8. The method according to claim 1 or 2, wherein, The method includes at least one verification step (136), wherein at least one measurement of the determined process variable is verified, wherein the verification includes comparing the measurement with at least one predefined standard, wherein step a) is repeated if the measurement of the determined process variable is not verified.

9. The method according to claim 1 or 2, wherein, The method includes at least one anomaly detection step, wherein at least one algorithm monitors at least one measurement signal of the sensor (122), wherein the algorithm is configured to determine at least one anomaly, wherein step a) is repeated if an anomaly is detected.

10. The method according to claim 1 or 2, wherein, The optimization objective is at least one user specification.

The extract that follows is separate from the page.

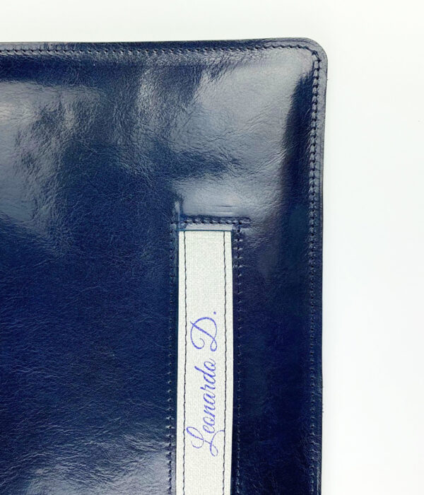 Porta tablet /Documenti dalla linea pulita, in pregiato cuoio primofiore blu che lo rende perenne nel tempo ma sempre al passo con le tendenze. Interno foderato in cotone nero per proteggere il tuo Tablet e zip di chiusura pratica e veloce. Questa classica versione include un manico esterno in materiale sintetico effetto canvas con nome stampa uv, rendendola molto più che una semplice custodia ma una vera e propria pochette unica! Dimensioni: 35 x 26 cm

11. The method according to claim 10, wherein, The optimization objective is the concentration of at least one production fluid.

12. A computer program for determining at least one set of target parameters for a flow chemistry setup in a slug, configured to, when executed on a computer or computer network, cause the computer or computer network to perform, fully or partially, the method according to any one of claims 1 to 11, wherein the computer program is configured to perform at least steps a) to d) of the method according to any one of claims 1 to 11.

13. A computer-readable storage medium comprising instructions, said instructions, when executed by a computer or computer network, causing at least steps a) to d) of the method according to any one of claims 1 to 11.

14. An automatic control system (144) for a flow chemistry setup (110) for flow chemistry in a slug, comprising: - At least one communication interface (146) configured to receive at least one process variable determined by at least one sensor (122) of at least one flow chemistry setup (110), wherein the process variable is determined by measuring one or more quantities of a slug flowing through at least one tubular reactor (116); - At least one machine learning model (126) is configured to be trained based on the process variables; - At least one processing unit (148) configured to determine at least one set of target parameters by applying an optimization algorithm based on at least one optimization objective to a trained machine learning model (126); - At least one output device (138) is configured to provide a defined set of target parameters.

15. The system (144) according to claim 14, wherein, The system (144) is configured to perform the method according to any one of claims 1 to 11.